The computer science team hopes its software will ultimately be used as a “first round filter” by online review sites – such as TripAdvisor – to identify “opinion spam”, or fake reviews.
The software has currently only been tested on hotel reviews, but the researchers hope to apply it to restaurant reviews and ultimately also to consumer product reviews. It works by using linguistic and keyword patterns to identify opinion spam.
"While this is the first study of its kind, and there's a lot more to be done, I think our approach will eventually help review sites identify and eliminate these fraudulent reviews," said Myle Ott, one of the researchers who presented the software at the recent 49th annual meeting of the Association for Computational Linguistics in Portland, US.
"Ultimately, cutting down on deception helps everyone. Customers need to be able to trust the reviews they read, and sellers need feedback on how best to improve their services."
This comes at a time of increasing frustration from hotel and restaurant owners, who find their businesses sustain significant damage from fraudulent or malicious reviews.
Truth vs Deception
To help them develop their software, the Cornell researchers asked a group of people to deliberately write false positive reviews of 20 Chicago hotels. These were then compared with an equal number of carefully verified truthful reviews.
They then submitted these to a number of volunteer human judges, who were asked to identify which reviews were deceptive. However, they “scored no better than chance”, confirmed the researchers.
Computer analysis based on subtle features of text was then applied to the reviews to identify linguistic and keyword patterns.
This found, for example, that truthful hotel reviews are more likely to use concrete words relating to the hotel, like ‘bathroom’, ‘check-in’ or ‘price’.
“Deceivers”, on the other hand, were found to write more about things that set the scene, like ‘vacation’, ‘business trip’ or ‘my husband’.

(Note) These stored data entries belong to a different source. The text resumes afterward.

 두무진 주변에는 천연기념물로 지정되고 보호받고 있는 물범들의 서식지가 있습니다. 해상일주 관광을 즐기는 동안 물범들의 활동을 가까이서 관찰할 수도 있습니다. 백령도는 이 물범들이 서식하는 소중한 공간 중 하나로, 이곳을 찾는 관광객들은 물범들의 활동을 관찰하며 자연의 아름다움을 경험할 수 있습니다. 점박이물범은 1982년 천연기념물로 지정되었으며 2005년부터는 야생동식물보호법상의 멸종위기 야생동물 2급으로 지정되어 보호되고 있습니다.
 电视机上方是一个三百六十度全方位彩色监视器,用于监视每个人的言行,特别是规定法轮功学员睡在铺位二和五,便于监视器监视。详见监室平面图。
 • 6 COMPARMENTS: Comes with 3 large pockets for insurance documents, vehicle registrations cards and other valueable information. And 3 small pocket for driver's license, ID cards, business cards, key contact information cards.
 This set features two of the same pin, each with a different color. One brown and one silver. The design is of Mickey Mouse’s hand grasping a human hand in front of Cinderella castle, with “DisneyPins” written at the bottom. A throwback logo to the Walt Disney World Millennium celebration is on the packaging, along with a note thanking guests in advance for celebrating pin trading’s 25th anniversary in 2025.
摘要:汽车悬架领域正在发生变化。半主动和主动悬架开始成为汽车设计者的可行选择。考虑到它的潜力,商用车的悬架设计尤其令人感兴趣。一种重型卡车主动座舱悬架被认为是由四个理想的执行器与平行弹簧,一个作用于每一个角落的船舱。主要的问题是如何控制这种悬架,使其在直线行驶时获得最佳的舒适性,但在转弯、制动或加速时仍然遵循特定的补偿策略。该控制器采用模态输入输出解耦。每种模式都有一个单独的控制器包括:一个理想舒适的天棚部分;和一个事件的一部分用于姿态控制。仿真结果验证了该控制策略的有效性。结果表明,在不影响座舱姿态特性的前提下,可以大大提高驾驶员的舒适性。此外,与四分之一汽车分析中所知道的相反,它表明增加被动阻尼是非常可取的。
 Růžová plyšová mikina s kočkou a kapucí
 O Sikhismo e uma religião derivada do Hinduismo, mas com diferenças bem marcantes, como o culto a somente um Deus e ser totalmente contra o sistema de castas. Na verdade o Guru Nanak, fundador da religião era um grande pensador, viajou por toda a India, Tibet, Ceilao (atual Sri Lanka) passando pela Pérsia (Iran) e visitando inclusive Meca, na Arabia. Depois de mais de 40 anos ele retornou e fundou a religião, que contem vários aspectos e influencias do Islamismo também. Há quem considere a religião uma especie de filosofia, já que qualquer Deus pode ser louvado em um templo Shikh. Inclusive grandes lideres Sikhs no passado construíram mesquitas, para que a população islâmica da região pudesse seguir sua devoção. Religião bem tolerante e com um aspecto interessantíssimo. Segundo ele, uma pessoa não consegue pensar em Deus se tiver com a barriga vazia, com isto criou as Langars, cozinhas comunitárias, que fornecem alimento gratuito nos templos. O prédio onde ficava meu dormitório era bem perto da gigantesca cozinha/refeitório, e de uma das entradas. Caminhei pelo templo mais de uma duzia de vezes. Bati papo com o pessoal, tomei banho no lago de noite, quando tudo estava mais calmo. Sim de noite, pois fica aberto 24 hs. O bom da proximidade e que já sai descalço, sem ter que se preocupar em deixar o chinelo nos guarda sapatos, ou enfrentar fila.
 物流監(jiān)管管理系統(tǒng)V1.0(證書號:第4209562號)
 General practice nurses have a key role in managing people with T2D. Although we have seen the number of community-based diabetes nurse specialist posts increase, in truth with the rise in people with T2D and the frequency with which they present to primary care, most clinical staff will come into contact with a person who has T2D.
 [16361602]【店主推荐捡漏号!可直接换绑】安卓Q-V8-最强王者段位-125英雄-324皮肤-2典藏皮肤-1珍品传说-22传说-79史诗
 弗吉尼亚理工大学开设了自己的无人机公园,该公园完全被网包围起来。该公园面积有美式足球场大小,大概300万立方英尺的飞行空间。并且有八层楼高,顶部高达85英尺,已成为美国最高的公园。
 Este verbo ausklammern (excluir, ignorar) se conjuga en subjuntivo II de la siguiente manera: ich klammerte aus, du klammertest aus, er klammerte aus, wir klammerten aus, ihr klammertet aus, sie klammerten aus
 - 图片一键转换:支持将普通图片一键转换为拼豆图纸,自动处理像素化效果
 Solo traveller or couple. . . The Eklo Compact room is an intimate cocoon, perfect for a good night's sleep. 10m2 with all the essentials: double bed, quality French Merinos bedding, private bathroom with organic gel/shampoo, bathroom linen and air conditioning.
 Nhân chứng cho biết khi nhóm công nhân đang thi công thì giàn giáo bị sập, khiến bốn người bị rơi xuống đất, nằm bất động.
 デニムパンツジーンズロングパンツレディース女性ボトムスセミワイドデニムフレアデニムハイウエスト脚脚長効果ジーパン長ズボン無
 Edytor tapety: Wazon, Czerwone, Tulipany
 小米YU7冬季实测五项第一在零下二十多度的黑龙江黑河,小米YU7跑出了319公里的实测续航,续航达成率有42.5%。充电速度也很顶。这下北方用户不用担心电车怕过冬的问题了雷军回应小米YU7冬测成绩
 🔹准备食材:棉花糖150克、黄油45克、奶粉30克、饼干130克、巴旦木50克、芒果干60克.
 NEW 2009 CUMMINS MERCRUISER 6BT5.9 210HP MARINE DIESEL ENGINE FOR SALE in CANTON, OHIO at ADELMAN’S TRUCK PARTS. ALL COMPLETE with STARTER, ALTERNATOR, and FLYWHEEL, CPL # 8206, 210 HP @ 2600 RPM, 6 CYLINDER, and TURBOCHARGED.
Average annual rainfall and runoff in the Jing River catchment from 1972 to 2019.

“Truth-tellers and deceivers also differ in the use of keywords referring to human behavior and personal life, and sometimes in features like the amount of punctuation or frequency of ‘large words’. In parallel with previous analysis of imaginative vs. informative writing, deceivers use more verbs and truth-tellers use more nouns,” write the researchers.
Fake review filter: How it works
Using these approaches, the researchers trained a computer on a subset of true and false reviews, then tested it against the rest of the database.
They found that the best results came from combining keyword analysis with the ways certain words are combined in pairs.
After applying the software to 800 reviews of hotels in Chicago, they found that it identified deceptive reviews with 89.8 per cent accuracy.
However, Ott cautioned that the work so far is only validated for hotel reviews.
He said the next step would be to see if the techniques can be extended to other categories, starting with restaurants and eventually moving to consumer products.